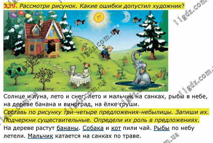 Рассмотри рисунок. Какие ошибки допустил художник? Солнце и луна, лето и снег, лето и мальчик на санках, рыбы в небе, на дереве банана и виноград, на ёлке груши. Составь по рисунку три-четыре предложения-небылицы. Запиши их. Подчеркни существительные. Определи их роль в предложениях. На дереве растут бананы. Собака и кот пили чай. Рыбы по небу летели. Мальчик катается на санках по траве.
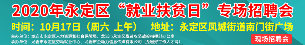 舉辦單位:龍巖市永定區(qū)人力資源和社會保障局、龍巖市永定區(qū)脫貧攻堅戰(zhàn)役指揮部辦公室 承辦單位:龍巖市永定區(qū)勞動就業(yè)中心、龍巖市企動力信息傳媒有限公司(龍巖好工作人才網(wǎng))
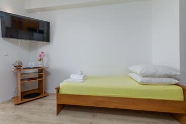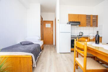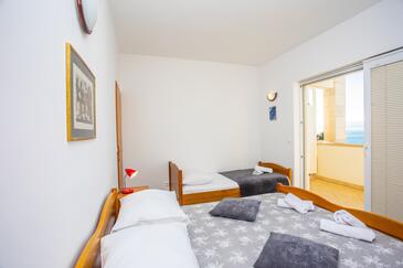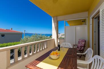 Ferienwohnung bietet Platz für 6 Gäste. Die Betten sind in Schlafzimmern, die es 2 gibt, und in Wohnzimmer, innerhalb einer Gesamtfläche von 49m2, angeordnet. Die Gäste haben einen eigenen Balkon zur Verfügung, auf der sie in warmen Sommernächten genießen können. Das Apartment bietet Meerblick. Es ist erlaubt, Speisen auf dem Gemeinschafts-Grill vorzubereiten.

--------------------------------

Reproduce the listing verbatim, and keep the pictures out of the copy.

 Рассмотри рисунок. Какие ошибки допустил художник? Солнце и луна, лето и снег, лето и мальчик на санках, рыбы в небе, на дереве банана и виноград, на ёлке груши. Составь по рисунку три-четыре предложения-небылицы. Запиши их. Подчеркни существительные. Определи их роль в предложениях. На дереве растут бананы. Собака и кот пили чай. Рыбы по небу летели. Мальчик катается на санках по траве.
 舉辦單位:龍巖市永定區(qū)人力資源和社會保障局、龍巖市永定區(qū)脫貧攻堅戰(zhàn)役指揮部辦公室 承辦單位:龍巖市永定區(qū)勞動就業(yè)中心、龍巖市企動力信息傳媒有限公司(龍巖好工作人才網(wǎng))
 Ferienwohnung bietet Platz für 6 Gäste. Die Betten sind in Schlafzimmern, die es 2 gibt, und in Wohnzimmer, innerhalb einer Gesamtfläche von 49m2, angeordnet. Die Gäste haben einen eigenen Balkon zur Verfügung, auf der sie in warmen Sommernächten genießen können. Das Apartment bietet Meerblick. Es ist erlaubt, Speisen auf dem Gemeinschafts-Grill vorzubereiten.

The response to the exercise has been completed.